Em nota distribuída à imprensa nesta sexta-feira (26) a ex-deputada Manuela D’Ávila (PCdoB) confirmou que passou o contato do jornalista e editor do The Intercept Brasil, Glenn Greenwald, a alguém que dizia ter “obtido provas de graves atos ilícitos praticados por autoridades brasileiras”.

Manuela relatou ter sido comunicada pelo Telegram de uma invasão em seu aplicativo, no dia 12 de maio. Depois, segundo ela alguém entrou em contato dizendo estar no exterior, e com a intenção de divulgar o material coletado.

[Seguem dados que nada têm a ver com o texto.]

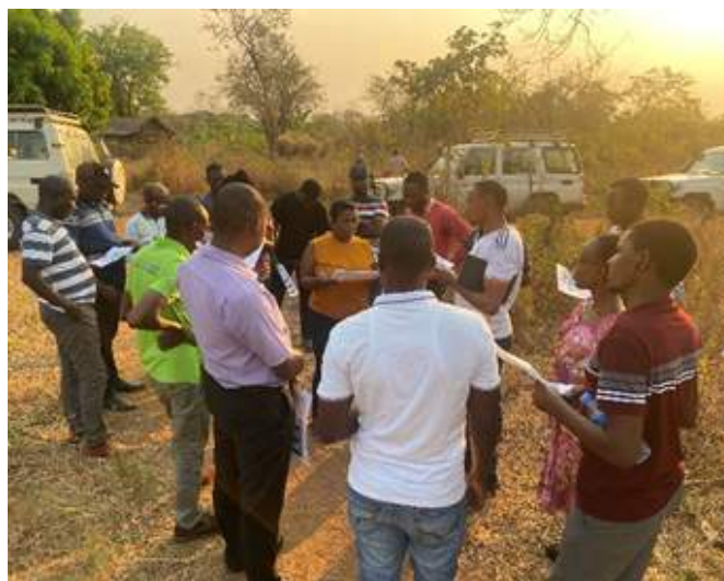
The district entomologist training session, field visit, Burkina Faso

PAMCA, in partnership with three African infectious disease research institutions, dubbed Centres of Excellence, namely Ifakara Health Institute (IHI) - Tanzania, Centre for Research in Infectious Diseases (CRID) - Cameroon, Research Institute of Health Sciences (IRSS) – Burkina Faso; are working to build the capacity of national programs to conduct effective vector surveillance through training of district level entomologists starting with the three countries in which the Centres of Excellence are domiciled. The main objective is to build a critical mass of trained staff at the district level who will be at the disposal of national programs to conduct baseline entomological surveillance and monitoring to guide rational disease control interventions.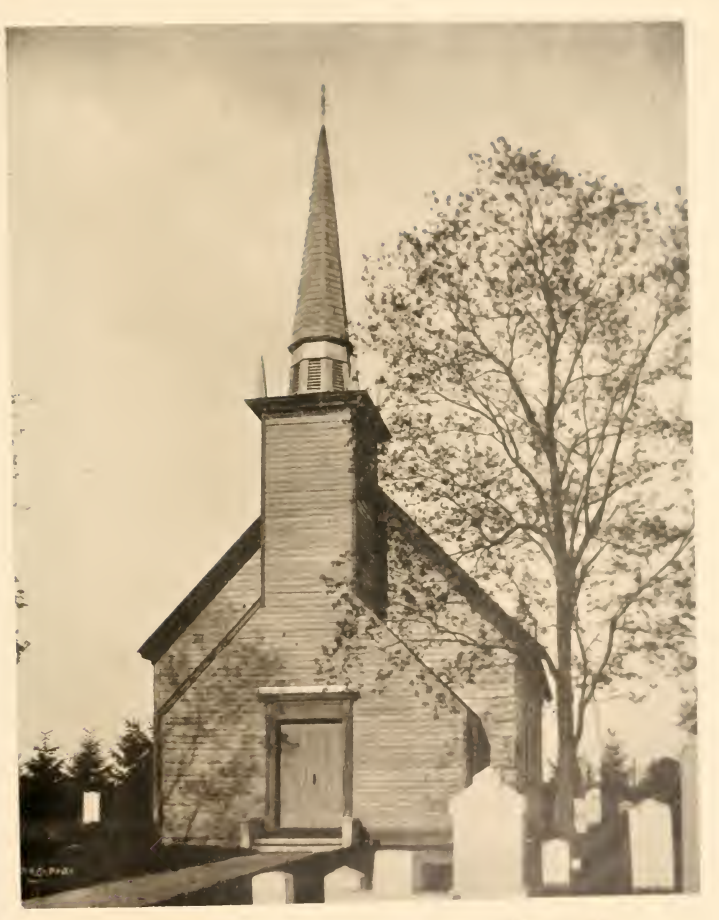
THE OLD MOHAWK CHURCH, GRAND RIVER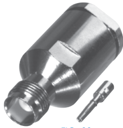
FIG. 22 RFT-1214-I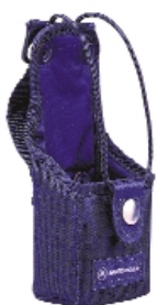
HLN9701 – Nylon Carry Case

Designed with small and medium-sized warehousing, agriculture, security, light industry and services customers in mind, the four channel CP040 requires minimal training and keeps team members in touch without distracting them with complicated features. Management can monitor all voice traffic and get a message to the team in seconds, however large the site.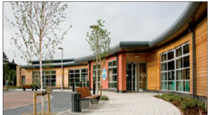
Closed today: Fareham Community Hospital where they work office hours and a 5-day week.

“I want to see effective management in place of bureaucracy and service delivery to respond to need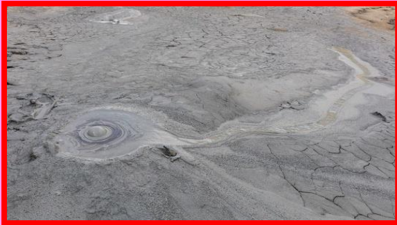
A bubble of gas

The presence of the so-called "muddy volcanos" located in the Buzau county, near the village of Berca is interesting. Not as spectacular as real volcanos, but still an interesting phenomena. These so-called volcanoes are active all the time, which means gas is pushing mud to the surface in a continuous way, but at low speeds.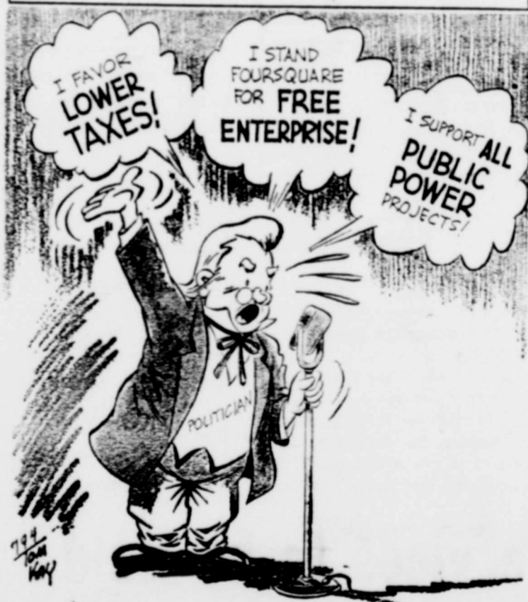
How Inconsistent Can He Be?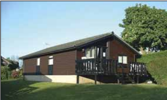
The charity's recently purchased second holiday home, T.J.'s Lodge in New Milton, Hampshire.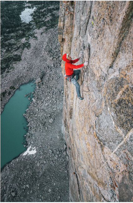
Jesse Huey near the top of pitch nine (5.12+) of All Hooked Up on Mt. Hooker.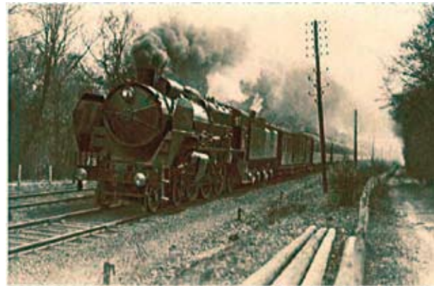
End of 18 th century Trans Europe Express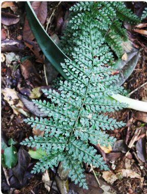
13 Asplenium uniseriale ASPLENIACEAE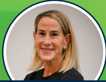
BELINDA GRANGER (AUSTRALIAN TRIATHLETE)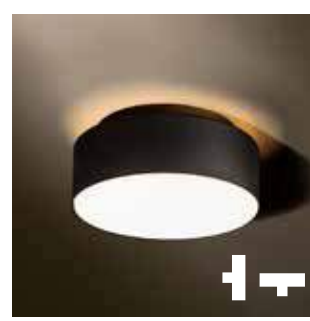
HUBBLE SURFACE 215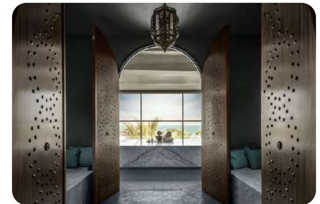
Fairmont Hotel Spa, Ajman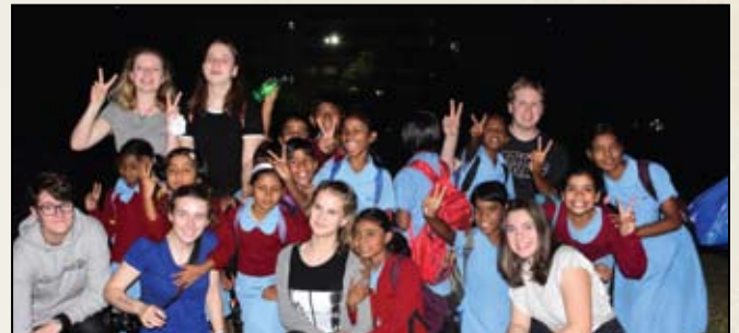
Seven German students flew down to Kolkata specifically to teach the students of Suryakiran. They were very impressed with the type of social endeavors of KBT.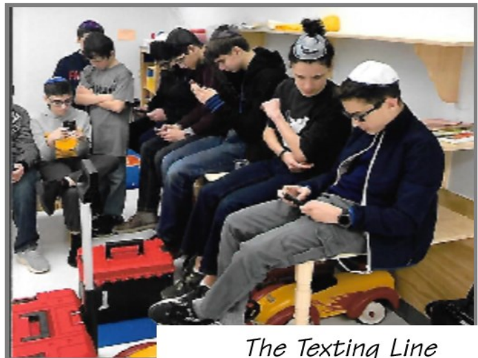
The Texting Line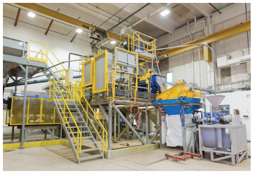
Completion: Physical installation of Kimberlite Ore Processing Facility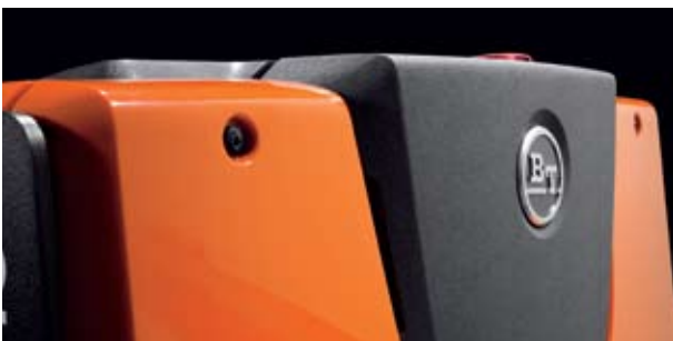
The hood is secured by two bolts for fast access

connectors and CAN-Bus wiring all add up to maximum reliability. W-series models are designed to be serviced only once a year in typical single-shift operations.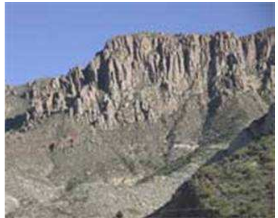
Apache Leap-Big Picacho Mountain

For years afterward those who ventured up the treacherous face of Big Picacho in Arizona found skeletons, or could see the bleached bones wedged in the crevices of the side of the cliff.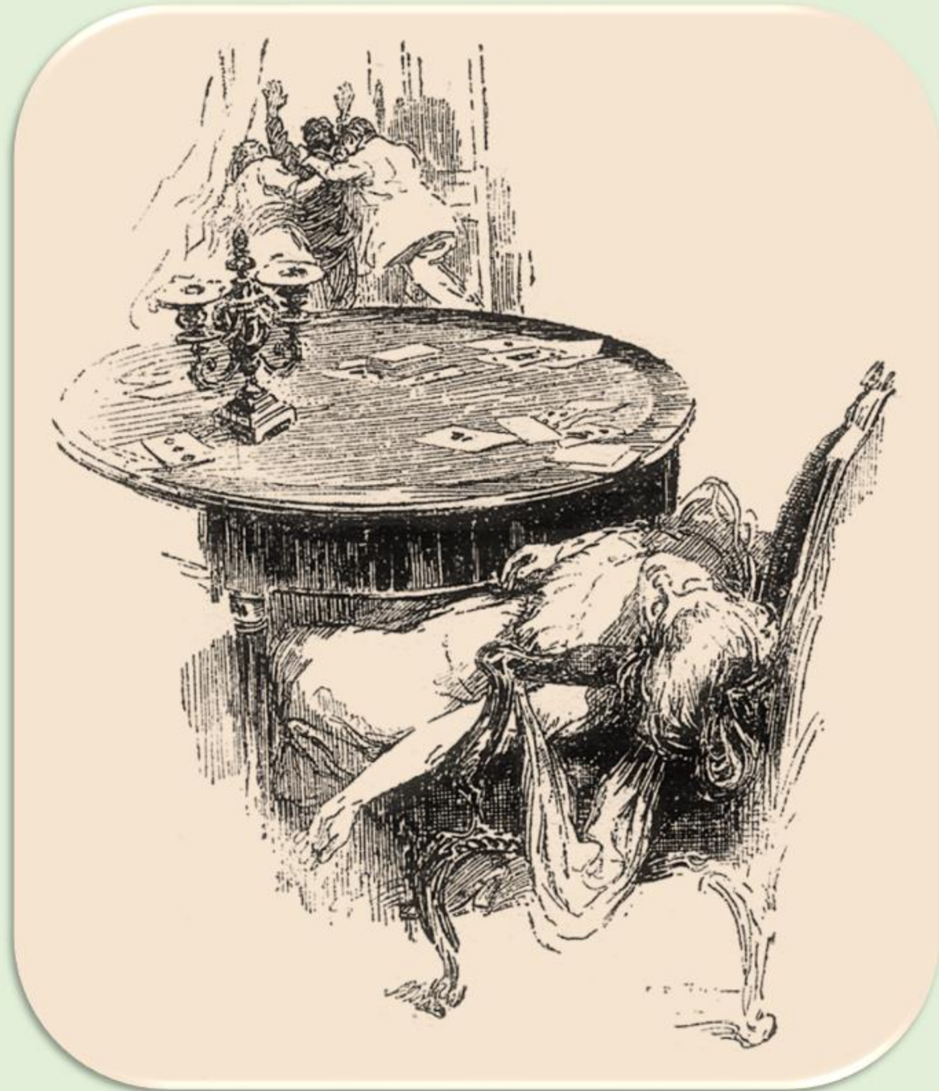
The Devil's Foot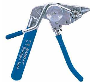
C075 Bantam Tool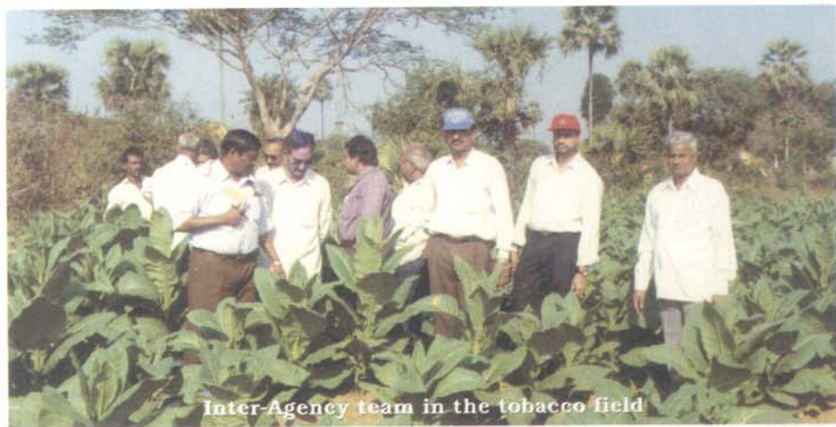
Inter-Agency team in the tobacco field

Suitable control measures were suggested to the tobacco growers for the above mentioned diseases and pests.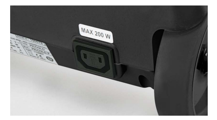
CA 15 EXTRA and CA 15 SILENZIO are equipped with a handy additional socket for powering an electric brush.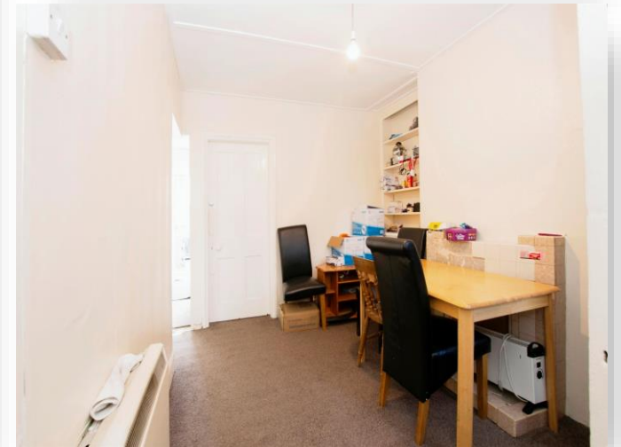
Bulford Road, Durrington SALISBURY SP4 8DL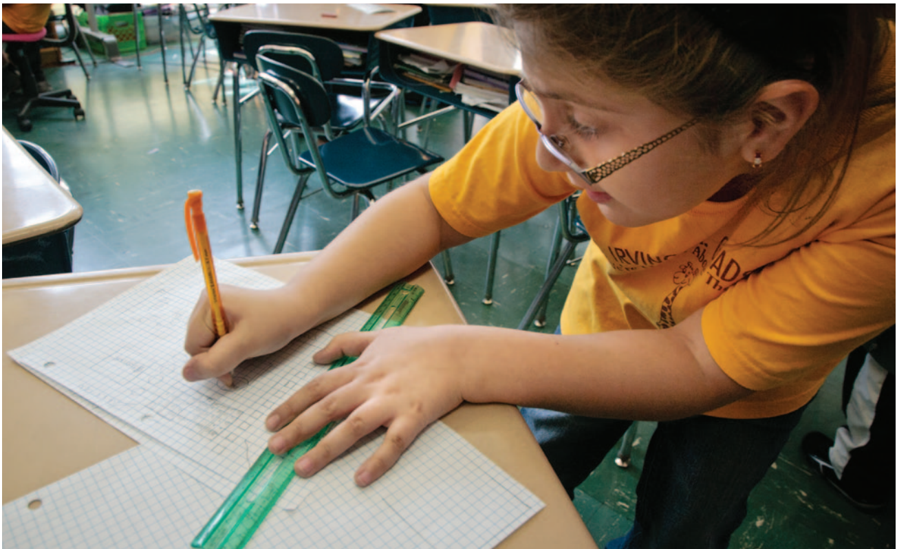
The ExpandedED program offers participants everything from homework help to tap dance.

One result of their teamwork is a richer reading experience for the students. In a typical English Language Arts (ELA) class at P.S. 186, the teacher-student ratio is 1 to 27, and that one instructor is obligated to cover a number of distinct reading competencies, such as phonics, vocabulary development, comprehension and motivation to read. In the ExpandedED portion of the day, however, the ratio is 2 to 20, and that same teacher, joined by an NIA educator, is free to focus on a specific area in which students need extra help. And while state tests have prompted an emphasis on short, nonfiction passages during the regular school day, ExpandedED gives students the opportunity to read and discuss books popular with kids—such as Amber Brown Is Not a Crayon —ensuring that achievement doesn’t come at the expense of enjoyment.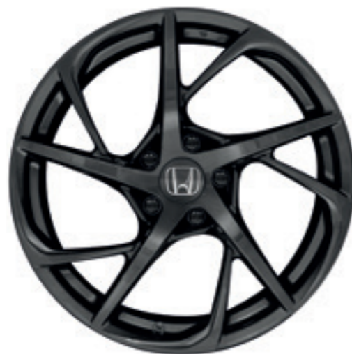
EXCLUSIVE INTERWOVEN WHEEL - PAINTED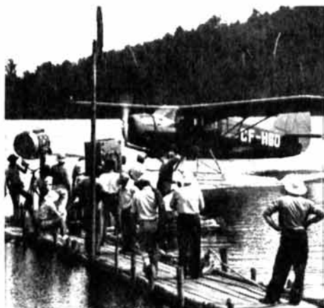
88 Hollywood in the Bush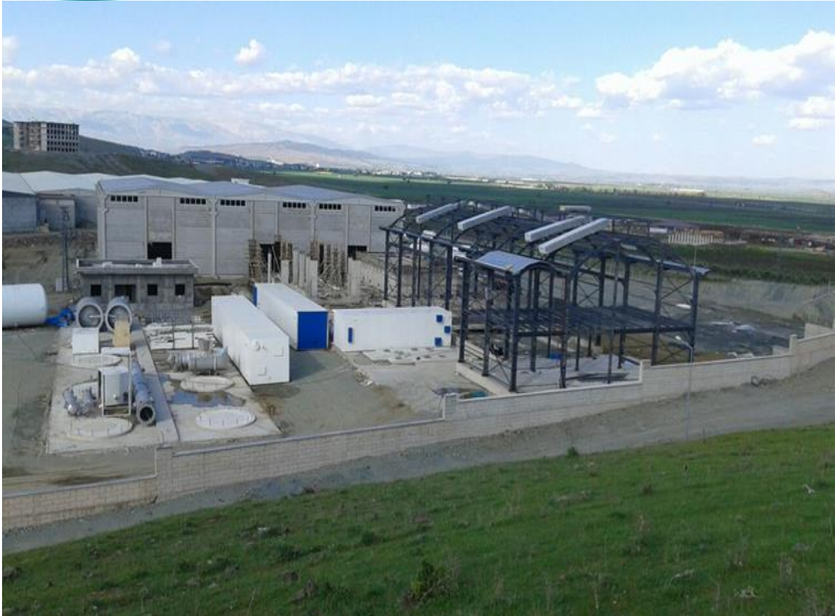
Air Separation Plant General Appearance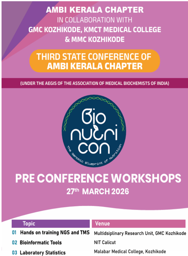
Fig.2 Pre conference workshop brochure.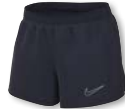
NIKE DF ACADEMY 23 SHORT K DR1362 Page 50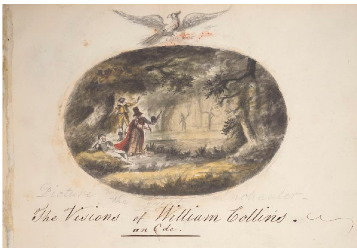
New College Library, Oxford, MS 367, f. 1r [detail]

With Shakespeare as mediator, Collins's dream is filled with isolated scenes from the playwright's dramas; he observes, as a slumbering spectator, such familiar moments as King Lear in the storm, Macbeth's meeting with the three witches, Juliet's death, or Jacques's soliloquising in the Forest of Arden. These scenes are all conjured by 'the great Enchanter', whose portrait appears on folio 1r of the manuscript; 'Picture, the great Enchanter' is written in faint pencil beneath the miniature. The strangely-named 'Picture' stands before the sleeping Collins in a red cloak, as Shakespeare, characterised with both beard and ruff, presides over the scene. As Picture raises his brush and palette, shadowy characters can be seen in the middle distance, conjured into being. As in the poem itself, Shakespeare's narratives gain life through the medium of this artist-magician, before the inner eye of William Collins.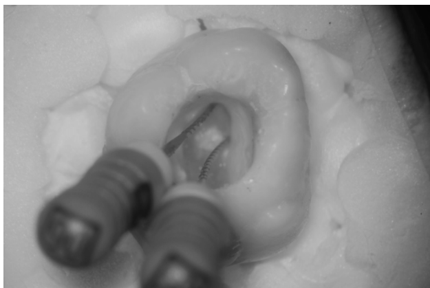
Fig. 2. The number of mesiobuccal canals was clinically determined through visual inspection of the canals orifice entrances on the pulp-chamber floor using an endodontic explorer with posterior insertion of number 06, 08, or 10 K-file (Dentsply, Catanduva/SP, Brazil) to evaluate the accessibility of the canals (dental operating microscope, 16x magnification).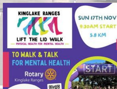
12-25 WHAT'S COMING UP, DEADLINES AND NOTICES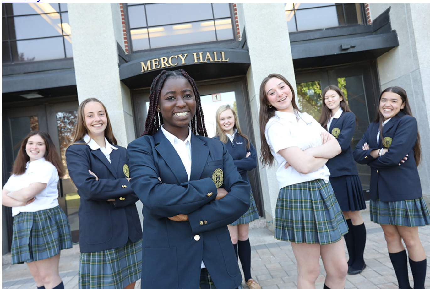
Students at St. Mary Academy - Bay View in East Providence, Rhode Island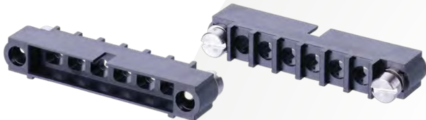
Male Slotted Jackscrews 2, 3, 4, 6 or 8 contacts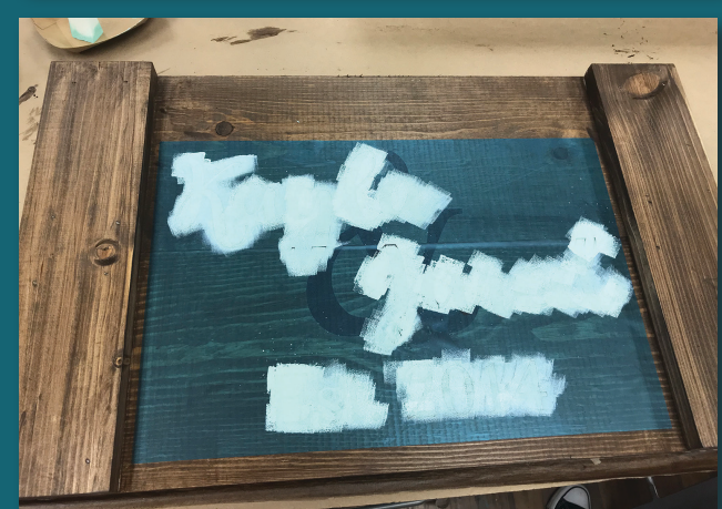
Currents | November/December 2017 | 53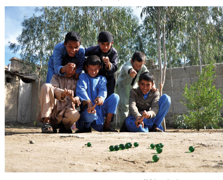
Helping returning refugees settle, Afghanistan.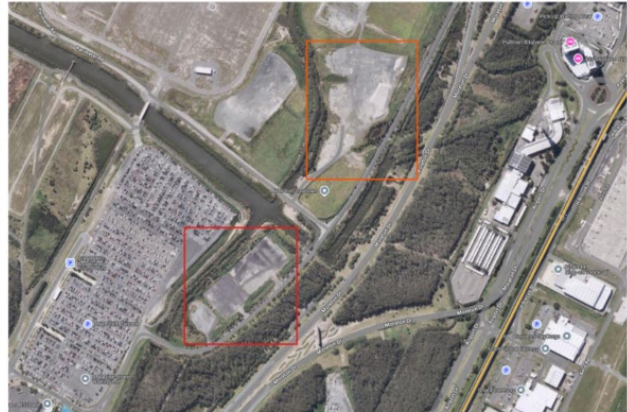
Location 2 Stockpile Location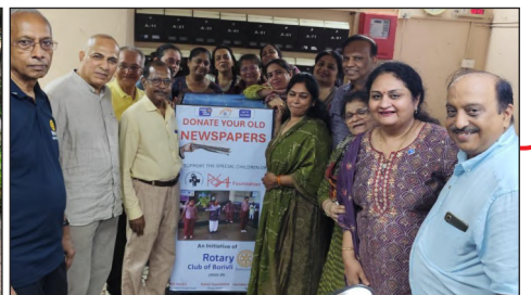
Installation of old newspaper collection box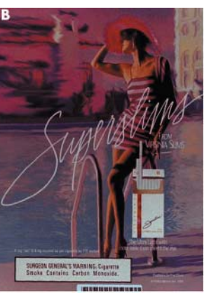
Figure 3 (A) Virginia Slims Superslims introductory 1990 advertisement emphasising the "less smoke" benefit with side-by-side cigarette comparison. 218 (B) Virginia Slims Superslims advertisement in 1991. "Less smoke" benefit has been eliminated. 219

acknowledge and even openly admit this, but, as it relates to their outward smoking image and personality, may prefer not to smoke a cigarette that blatantly brands itself as a solution to an odor problem.<sup>96</sup>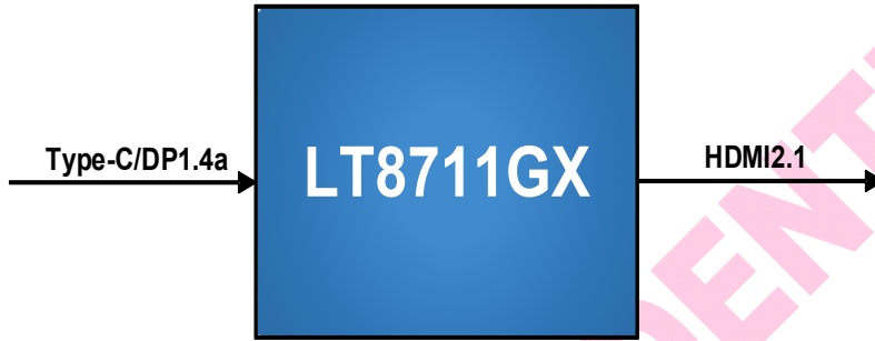
Figure 3.1 Application Diagram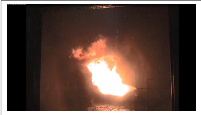
Time = 4 seconds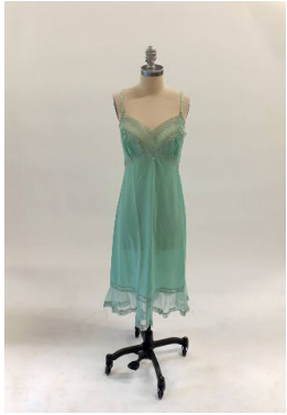
Title: Slip Medium: Tricot nylon, acetate satin, plastic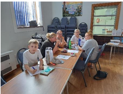
Colouring a picture of Zacchaeus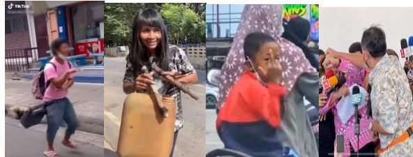
Figure 4: shows the origin of the words " Tua Tueng ( The tight one)".

That speech then became humorous viral and reached 8 million views. Many tiktok users has used this speech and sound to their own clips. Most of them are video clips of people who are so heavily drunk that they can't control their mind. However, “full carabel” can be used in a variety of ways without limitation, for example, you can use it when you go to a party asking everyone to have fun and say, "It's full carabel today," or when your friend vomits as "I told you not to full carambel," and if you're having a full meal, they'll say, "It's full carabel for this meal." etc. (TNN Online, 2023).

A ex-deputada afirmou estar sendo alvo de armadilha montada por seus adversários. “Por isso, apesar de ser jornalista e por estar apta a produzir matérias com sigilo de fonte, repassei ao invasor do meu celular o contato do reconhecido e renomado jornalista investigativo Glenn Greenwald”.

Leia a íntegra da nota:

NOTA À IMPRENSA

Tomando ciência, pela imprensa, de alusões feitas ao meu nome na investigação de fatos divulgados pelo “The Intercept Brasil”, e por me encontrar no exterior em atividades programadas desde o início do corrente ano, esclareço que:

  1. No dia 12 de maio, fui comunicada pelo aplicativo Telegram de que, naquele mesmo dia, meu dispositivo havia sido invadido no Estado da Virginia, Estados Unidos. Minutos depois, pelo mesmo aplicativo, recebi mensagem de pessoa que, inicialmente, se identificou como alguém inserido na minha lista de contatos para, a seguir, afirmar que não era quem eu supunha que fosse, mas que era alguém que tinha obtido provas de graves atos ilícitos praticados por autoridades brasileiras. Sem se identificar, mas dizendo morar no exterior, afirmou que queria divulgar o material por ele coletado para o bem do país, sem falar ou insinuar que pretendia receber pagamento ou vantagem de qualquer natureza.
  2. Pela invasão do meu celular e pelas mensagens enviadas, imaginei que se tratasse de alguma armadilha montada por meus adversários políticos. Por isso, apesar de ser jornalista e por estar apta a produzir matérias com sigilo de fonte, repassei ao invasor do meu celular o contato do reconhecido e renomado jornalista investigativo Glenn Greenwald.
  3. Desconheço, portanto, a identidade de quem invadiu meu celular, e desde já, me coloco a inteira disposição para auxiliar no esclarecimento dos fatos em apuração. Estou, por isso, orientando os meus advogados a procederem a imediata entrega das cópias das mensagens que recebi pelo aplicativo Telegram à Polícia Federal, bem como a formalmente informarem, a quem de direito, que estou à disposição para prestar quaisquer esclarecimentos sobre o ocorrido e para apresentar meu aparelho celular à exame pericial.